Saturday, August 13

Books about the Death Penalty for Law Students

(Capital punishment has been one of the most controversial issues of the justice system throughout the world. Although most parts have done away with it, it is imperative for law students to have a comprehensive understanding of the matter.)

Getting a law degree may sound quite cool but in fact, a lot of effort goes into becoming a lawyer. There are several topics that one must cover in his/her education of law studies. Some of the areas of law and justice are less complicated than the others and such areas need a lot of research as well as insight into the matter. The periphery of the death penalty is one such. 

The justice system has evolved alongside human history and thus it is an anthropological and social milestone. The death penalty has been one of the most debated aspects of law in any country. You can read death penalty argumentative essay to find out more about the topic along with examples of death penalty argumentative essays. The only way of becoming a good lawyer is to have an open mind and an overall understanding of the justice system. It does not include only studying contemporary but also the history of law.

Books to Read about Death Penalty 

1. Capital Punishment in America: Race and the Death Penalty Over Time by Martin G. Urbina 

Every law university student in America must read this book about the evolution of the death penalty in the country in a different light. Urbina has a very serious take on capital punishment and ethnic and racial differences.

He examines the legal and the social aspect of it. The major concern of the book is to sketch out the difference in experiences between Latinos and African Americans.

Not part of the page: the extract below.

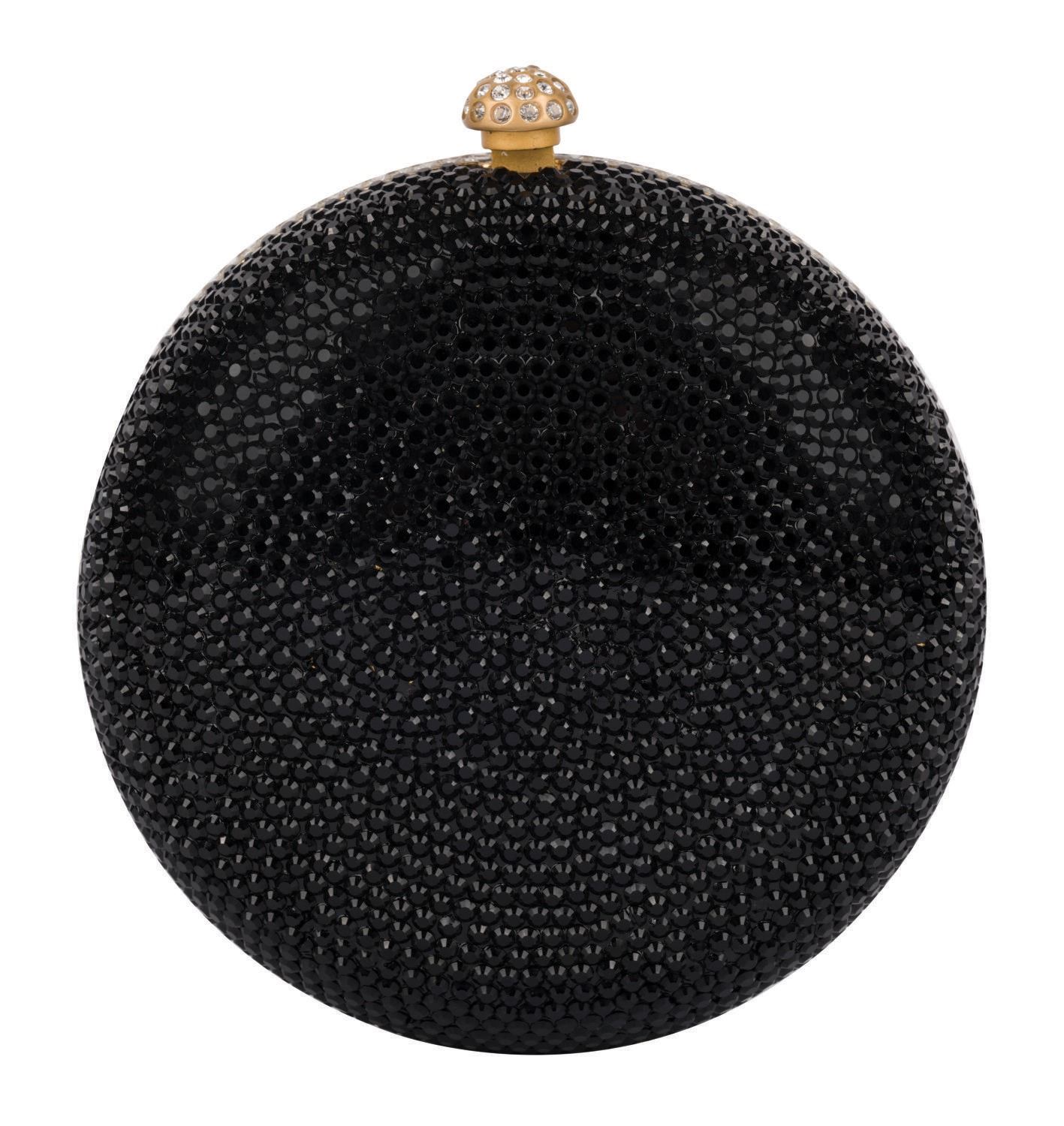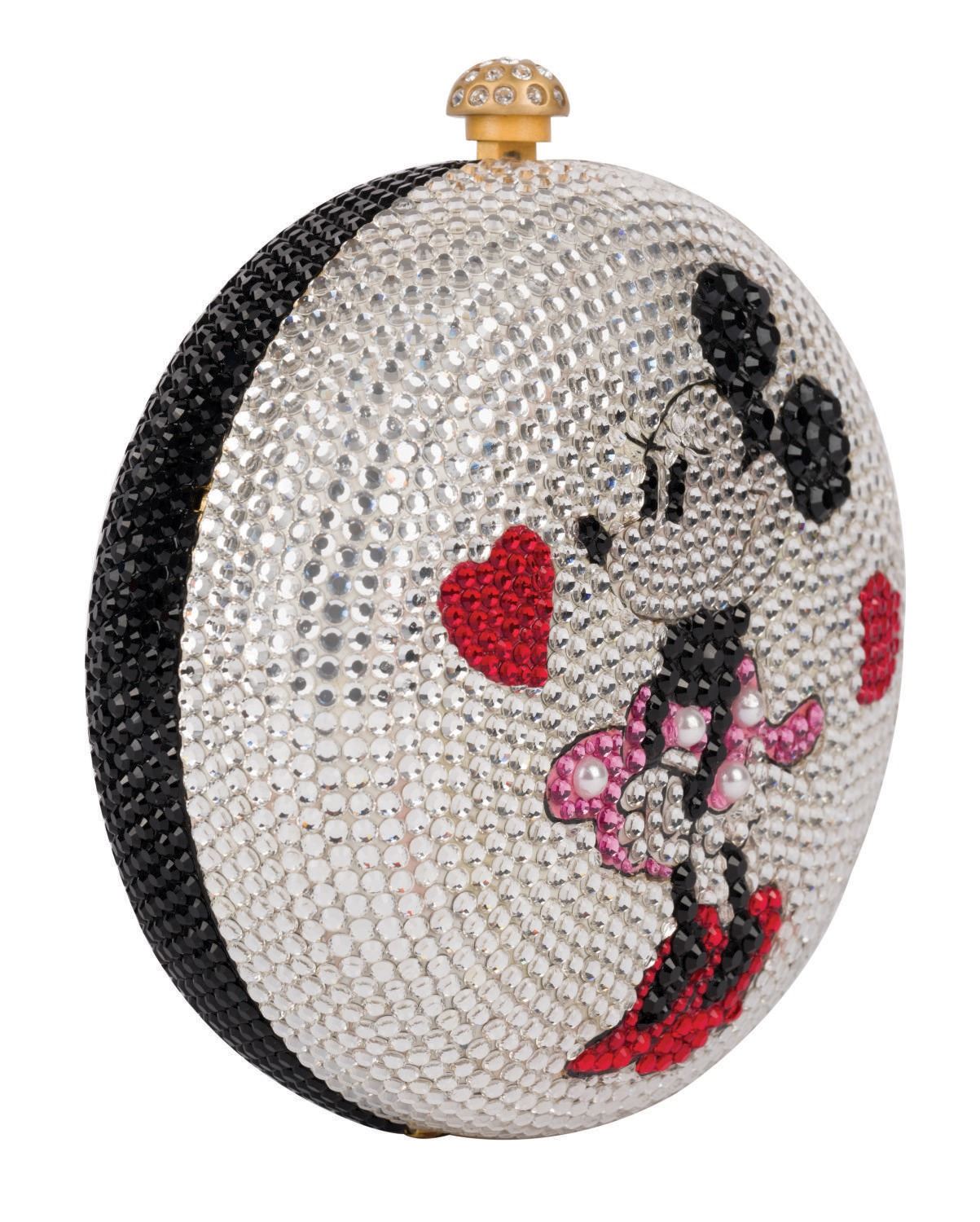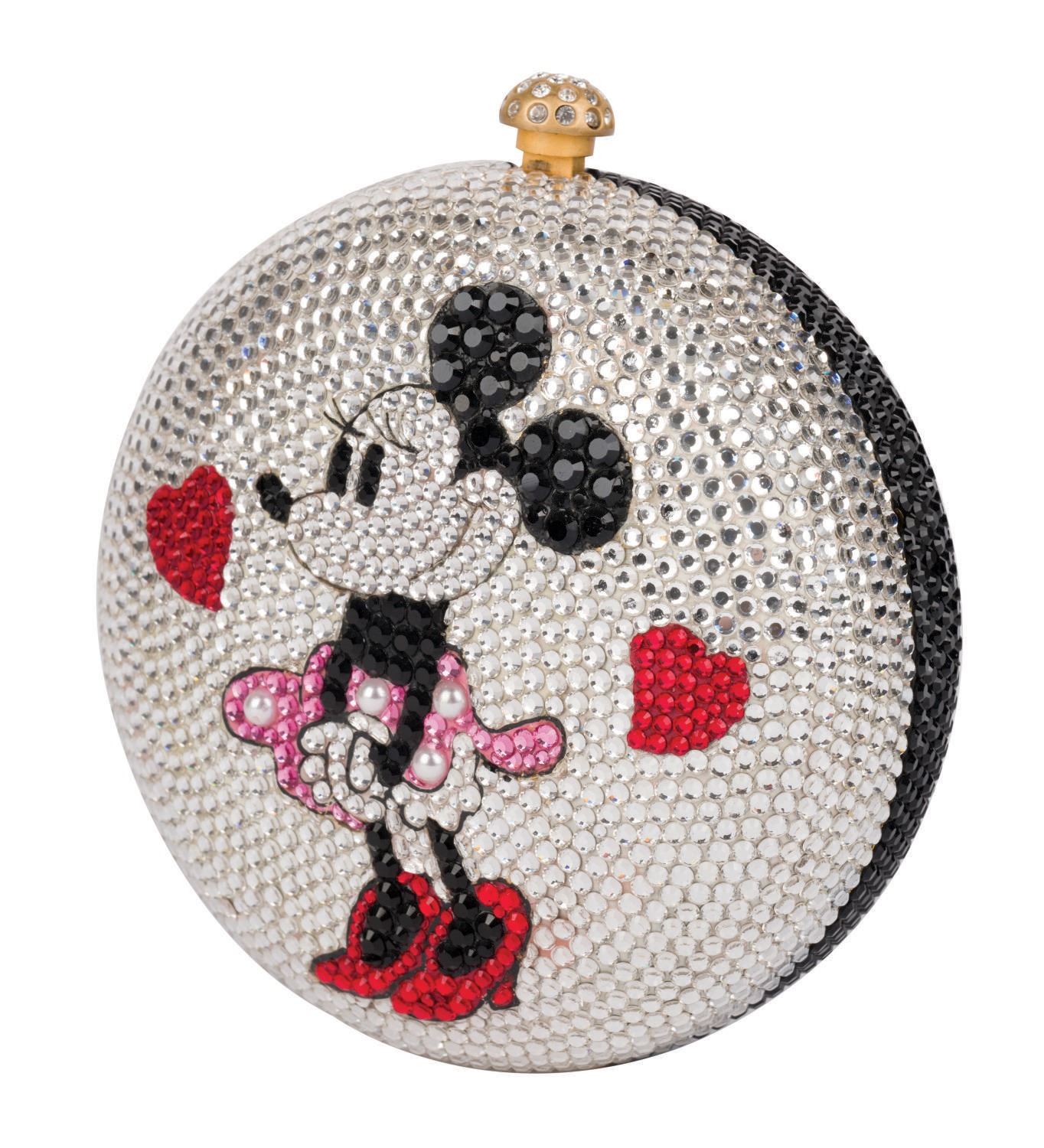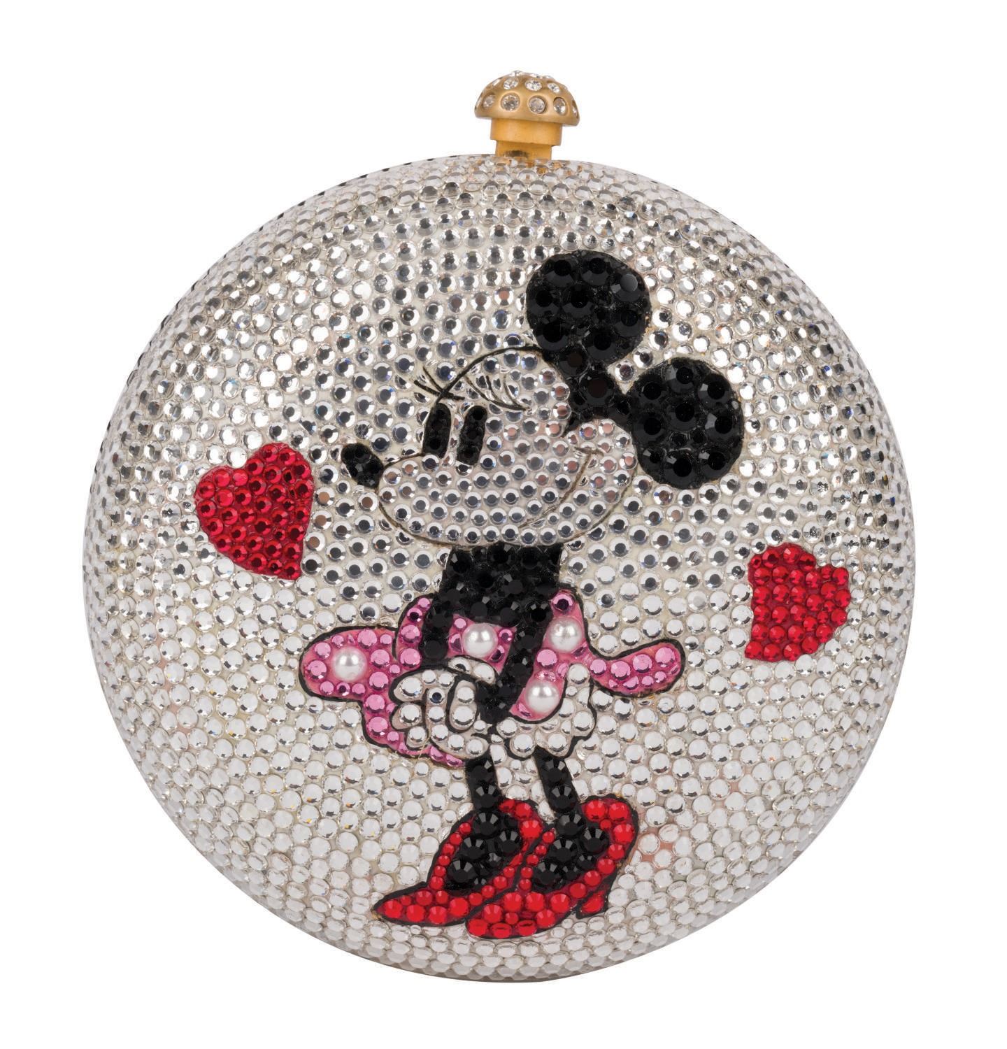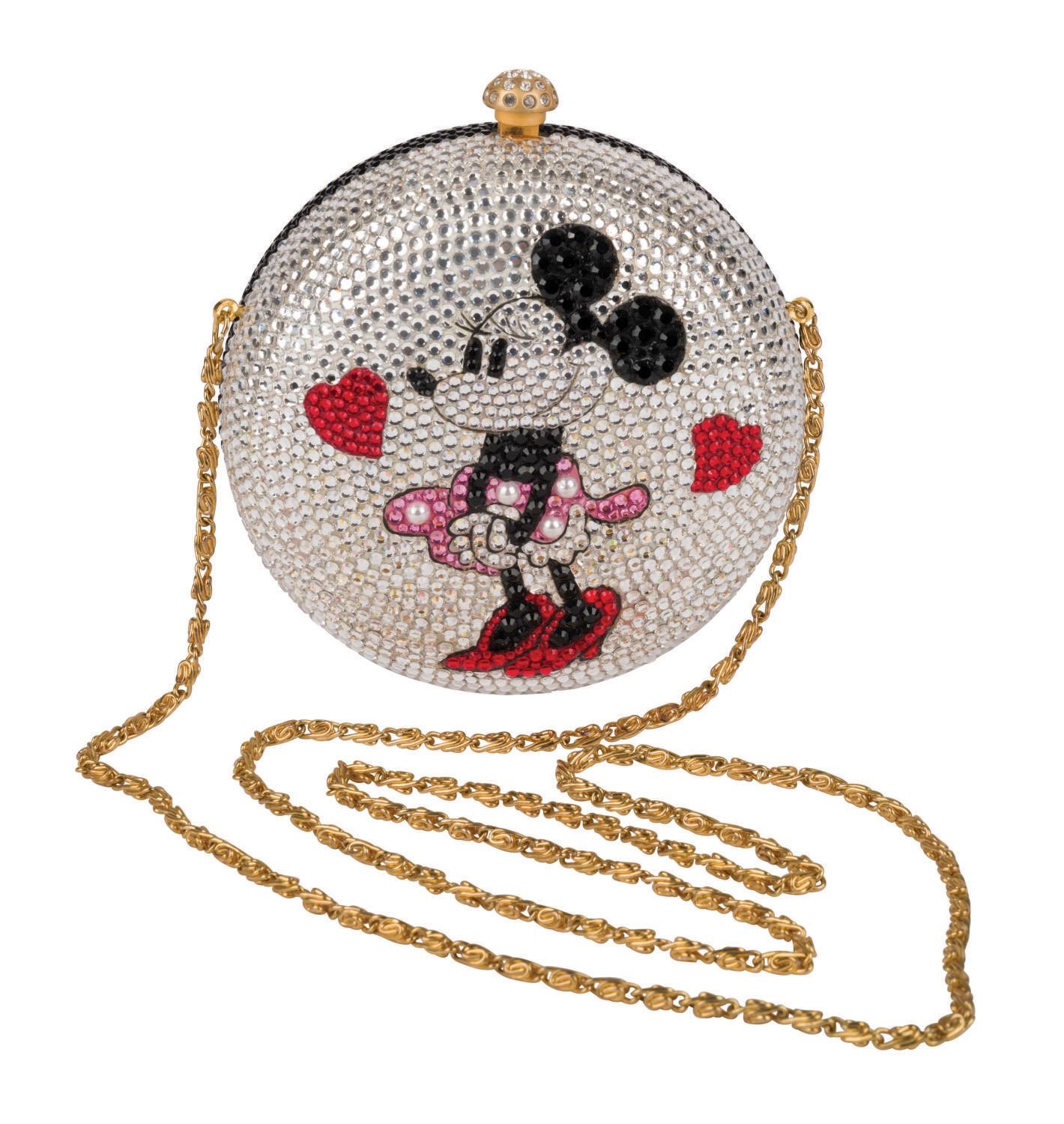 (Swarovski) A Minnie Mouse inspired hard-shell purse by Swarovski. The purse features Minnie Mouse in shimmering crystals and has a velvet interior. Measuring 5" in diameter, with a 44" chain, the purse is missing a few crystals but retains some additional white crystals and black crystals inside.

He goes beyond the traditional approaches of collecting and analyzing the data concerning death penalties. 

2. The Death of the American Death Penalty: States Still Leading the Way by Larry W. Koch, Colin Wark, John F. Galliher

After you have read an essay or two about capital punishment, it is time to move on to this book. This book is a guide to understanding the morphosis of the cultural and political challenges to the death penalty at the state level.

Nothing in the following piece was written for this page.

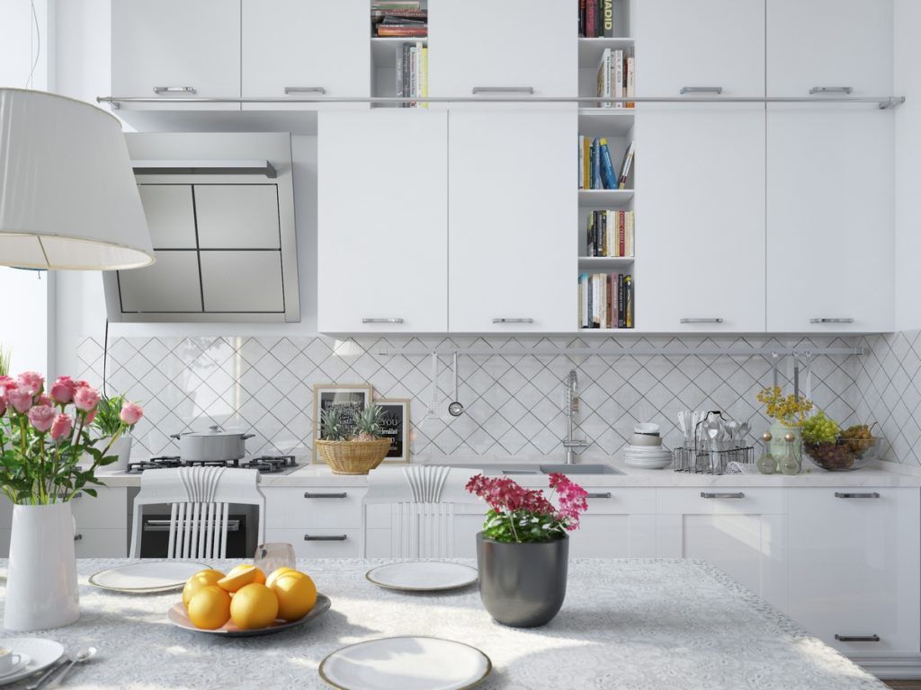 O astfel de abordare permite o depozitare variata, incluzand o mini-biblioteca, mai multe electrocasnice incorporate in mobilier sau chiar un spatiu de birou. Pentru a pastra totul cat mai luminos si aerisit, s-a optat pentru fronturi albe, cu un design modern, minimal. Stilistic, bucataria mizeaza pe o abordare scandinava, bazata pe functionalitate si cu o estetica redusa la esential. Locul de luat masa din mijlocul bucatariei merge inspre o zona de orientare clasica, fara a intra in dezacord cu stilul mai auster al nordicilor.

The authors talk about the abolition of the death penalty and several empirical factors such as the public sentiment, economic conditions, the mass media, the elites, and the population diversity and how all have been affected by the abolition. It is a very important book to understand the different angles of the penalty of death and its abolition.

3. In this Timeless Time: Living and Dying on Death Row in America by Bruce Jackson, Diane Christian

The authors explore capital punishment in states like Texas along with the arbitrary and convoluted judicial processes that are to be found in all Death Rows. They try to portray and capture the capriciousness of this ultimate punishment and document the experiences of the inmates between the sentencing and execution. It is a very different and honest take on the issue as it talks about the psychological effects on the prisoners. 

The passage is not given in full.